“Book publishing, one of the world’s signal achievements, is predicated upon diversity: the diversity of tastes and backgrounds, of editors taking chances on undiscovered writers and promoting them alongside marquee authors. The dominance of this special industry by any single company will overly determine its cultural output and, within only a handful of years, erode its prized diversity. This diversity is why readers turn to books in the first place.”
(New York Times, Michael Fine, publisher)
Earlier today, I read two rather excellent commentaries on the ongoing U.S. Department of Justice’s price-fixing lawsuit against e-book publishers.
In the first, a New York Times Sunday Dialogue entitled “Books in the Digital Age”, New York Times readers debate the ability of publishers to react to the market presence of Amazon, impacts on consumers as a result of the publishers’ alleged price-fixing activities, e-book and conventional book pricing and consumer choice.

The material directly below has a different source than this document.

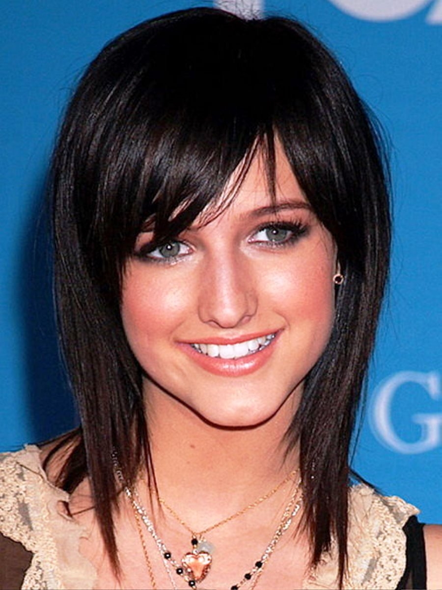 Каскад стрижка на средние волосы с челкой для круглого лица

In the second, Ariel Katz compares the current case to the industry-wide book publisher cartel a century ago and Bobbs-Merrill v. Straus case, in which the U.S. Supreme Court established the first-sale doctrine. In his rather fine comparative note, Ariel Katz discusses the ongoing e-book price-fixing case, the earlier turn of the 20th century book publisher cartel, historical efforts by publishers to counteract retailers’ discounting and the role of intellectual property rights in the facilitation of publisher related cartels.